Despite the Carl Icahn efforts to force a higher price, Dell’s buyout now looks capped at $13.65 rather than floored at $13.65. You have to assume that the earnings results are going to be very weak on Thursday. Still, Michael Dell will face a serious fight on his hands if he were to lower his $13.65 share price buyout offer. His board has been in support of his offer from the start, but pulling out would almost certainly force his board of directors to stage a coup. That being said, investors just do not expect that a higher buyout is coming here.
Carl Icahn looks like he wet the bed here thinking he could just muscle his way into Dell to force a higher buyout or to force a recapitalization that would leave a large portion of the company public. Remember when we warned you about the activist investor bubble? Now it looks like holders of the Icahn Enterprises, L.P. (NASDAQ: IEP) units under Carl Icahn could lose some of those big profits if Icahn remains unable to shake Michael Dell into working a better deal.
Microsoft Corporation (NASDAQ: MSFT) is still tentatively involved in a preferred share of sorts, but The Blackstone Group L.P. (NYSE: BX) backed away when it witnessed the decline of the trends in the PC business.

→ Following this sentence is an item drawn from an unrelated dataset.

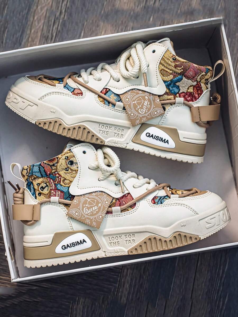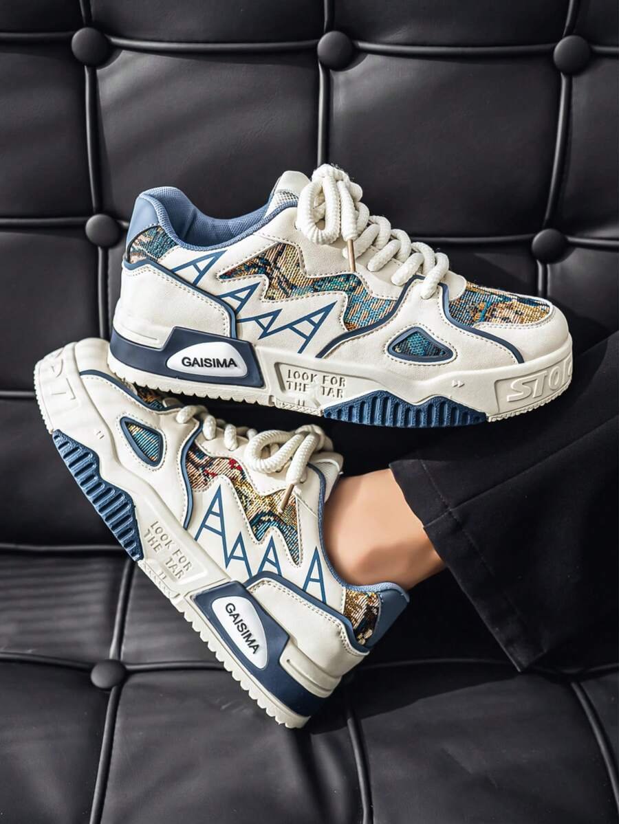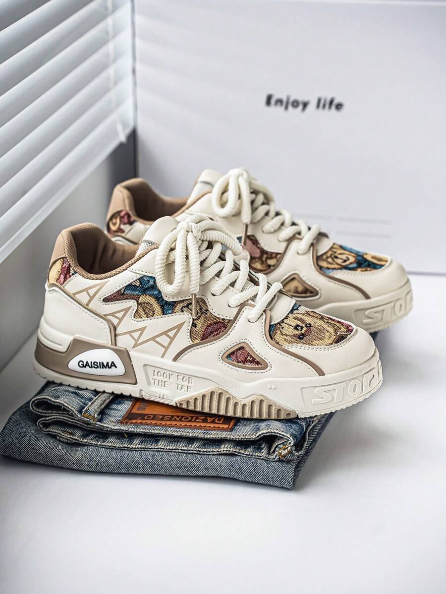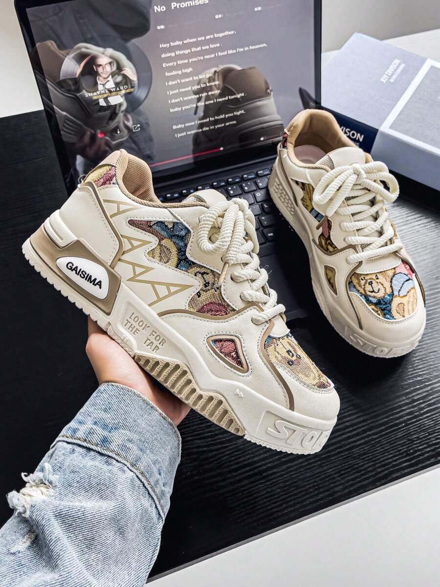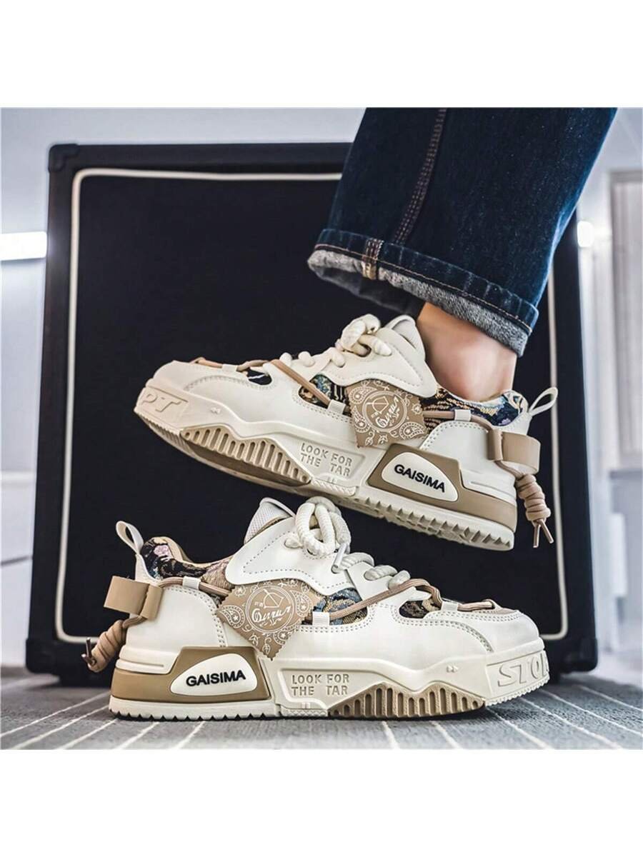 Nuevos zapatos casuales de verano transpirables vulcanizados para hombres, tenis con suela gruesa antideslizante de patrón de graffiti aleatorio de moda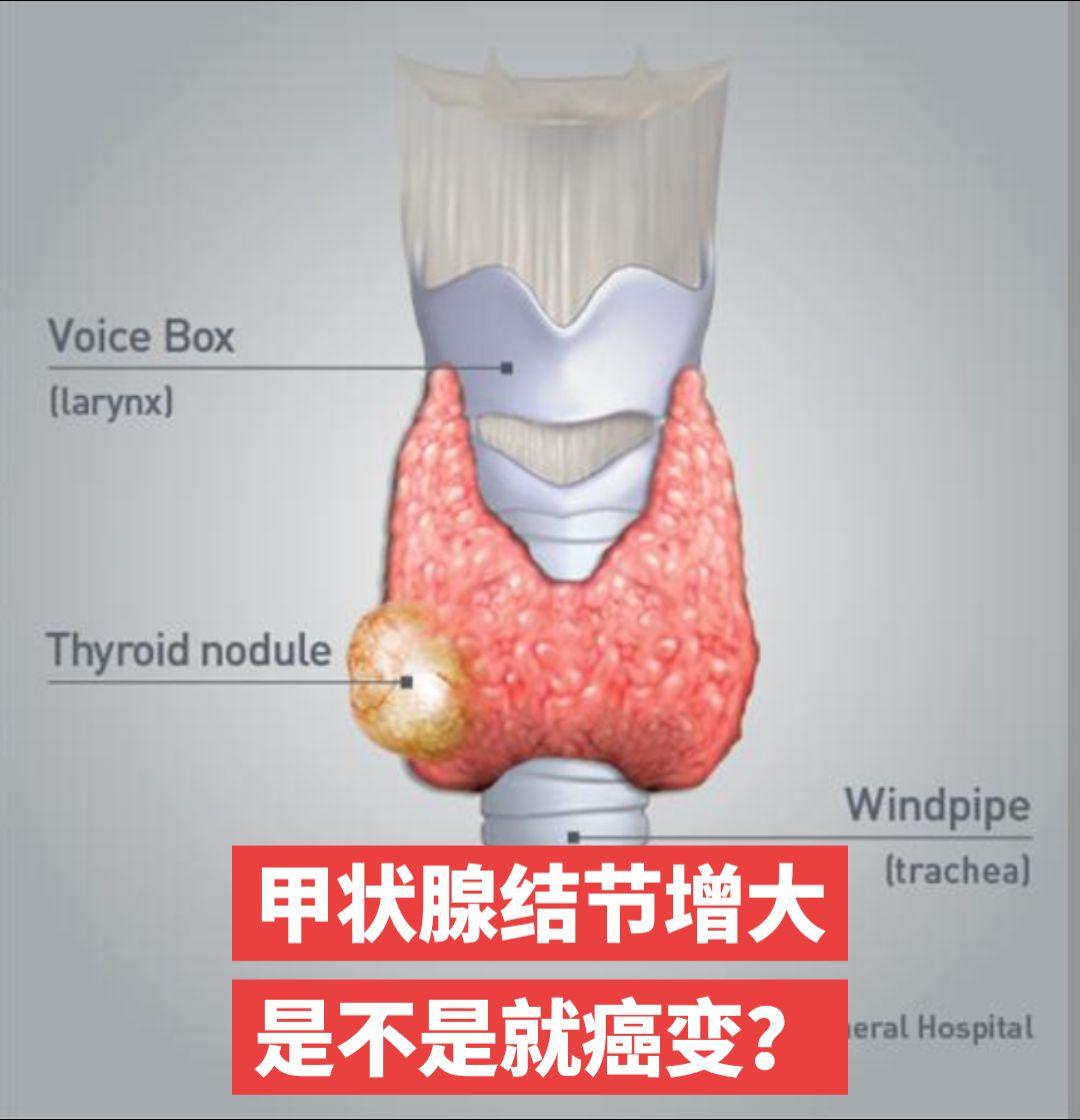 结节增大,就是癌变吗?🦋🦋结节突然增大不用担心🦋🦋 不少患者来门诊,因为多年的结节突然增大。很担心结节恶变了,病情复杂了😭😭😭 实际上,如果是良性结节,很少恶变,除非一开始就是恶性的,只是起初结节太小难以判断。😇😇😇 临床上,不少突然增大的结节是由于结节性甲状腺肿伴出血囊性变。本身是良性病变。 如果结节太大,产生了局部压迫不适,可以行微波消融治疗;如果结节以实性为主,消融有时消退困难,可以腔镜部分切除,效果很好,也可能不用服药。 总之,如果结节突然增大,还是需要及时咨询专业外科医生,尽早

Dell shares are trading at $13.47, some 1.33% under the $13.65 per share buyout price. That leaves very little room for the so-called merger arbitrage investors who take the risk that a deal cannot close.

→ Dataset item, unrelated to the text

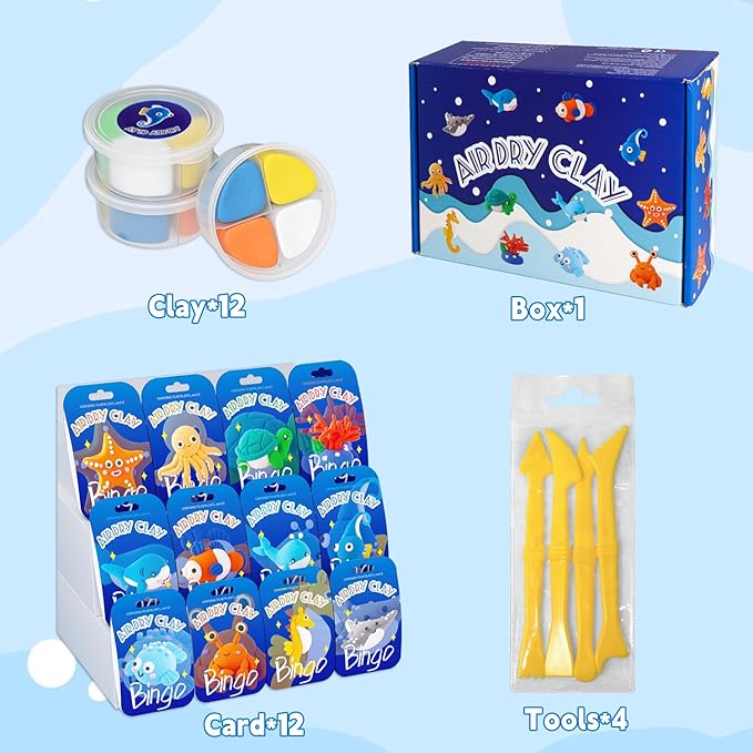 - 【Colorful and Cute Marine Fish Style】Dried clay kit packaged in 12 boxes,each jar has 4 compartments filled with different colors,enough clay to shape 12 themed models,12 different clay sets for marine creatures, helping kid develop fine motor skills and enhance hand eye coordination.

Dell shares are up 33% in 2013. Rival shares in Hewlett-Packard Co. (NYSE: HPQ) are up by 48% so far in 2013. H-P is in a turnaround and is too large to be acquired, yet Dell’s turnaround and buyout only have the stock up by about two-thirds as much as that of H-P.
The IQ Merger Arbitrage ETF (NYSE: MNA) is betting on the Dell buyout and has about 7% of its assets in the fund. Its investors are hoping that all remains well with the Dell buyout after earnings. With a discount of only 1.3% or so, Wall Street’s vote is that Michael Dell is going to close the deal originally proposed and not for a single cent higher.